— Я еще беременна, не забывай, а вчера вытащила из твоей престарелой матери, бывшей двумя уже ногами в могиле, все болячки, омолодила на пятнадцать лет, и местами, где нужно, стерла память, да и молнии генерировать и землю раздвигать до самого ядра не так-то просто, знаешь ли. А если вспомнить, что мы с тобой творили ночью…
— Ну да. Наверное, — улыбнулся Олег, целуя меня в губы нежно-нежно, я аж застонала невольно.
— Эй, не делай так! — засмеялся жених. — У меня еще нет сил на подвиги. Ужин готов? Я голоден.
— Конечно, идем, сделала картофель с фаршем. Маму ждать не надо. Сказала, зависнет до утра.
— Спасибо тебе огромное еще раз за нее, — Олег обнял меня за плечи и поцеловал, его переполняло искреннее чувство благодарности и счастья.
— Пожалуйста, родной. Пригласи, пожалуйста, папу на праздник. Я так хочу его видеть.
— Обязательно приглашу. Прямо завтра приглашение отвезу или вместе, если хочешь, поедем.
— Хочу. Скучаю очень. Мне иногда кажется, что он никогда меня не простит.
— Тебя-то простит, а вот мне реально страшно! Ты рискуешь стать вдовой в день свадьбы. Я даже не знаю, что я б с ним сделал, если б он спал с моей дочерью.
— Не переживай, возьму всю вину на себя. Скажу, что под воздействием. Кстати, ты почему от меня закрываешься? Боишься, что, правда, принуждать буду?
— Тренируясь, — Олег виновато опустил глаза, — Дима велит, попробуй пробить, кстати.
— Ну, ну, — усмехнулась я, сдержав смех, — кушай давай. Все потом.

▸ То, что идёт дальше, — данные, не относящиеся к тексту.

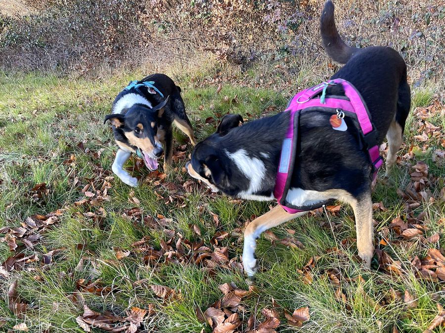Die Hunde beim Toben mit der Handykamera zu fotografieren ist nicht einfach, aber sehr lustig. Pixie rast ständig aus dem Bild raus, während Flint sich schier in der Luft umdreht.

Дав ему поесть, начала лицедейство:
— Убери со стола, пожалуйста, и посудомойку загрузи.
— Слушаюсь.
Мама Люба, давай, давай, давай!
Мама Люба, давай, давай, давай!
Хорошо ж поет засранец! Я аж заслушалась, как товарищ полковник во все горло распевает то, что терпеть до глубины души не может. Загрузив посудомойку, протер все столы и вымыл огромное окно в кухне. Все так же старательно во весь голос распевая про маму.
— Посмотри-ка на своего ученика, — я ментально позвала Демитрия, и это мне даже напрячься не пришлось.
— Полковник, мать твою! — взвыл Дима. — Держать оборону!
Олег вздрогнул, закрыл рот, уставился на тряпку и моющее средство в руках, но, надо отдать должное, быстро нашелся.
— Зачем? Я же дома. Ну, помыл окно и что?
— Подкаблучник, — буркнул Дима недовольно.
— Если я, химера, захочу тебе что-то внушить, против меня тебе не выстоять, дорогой, — усмехнулась я, забирая средство и тряпку, — так что дома можешь не париться. К оргиям принуждать не буду, обещаю.
Меня разобрал смех, наблюдая, как полковник залился краской. Было у него отчего-то такое убеждение, что мне это нравится.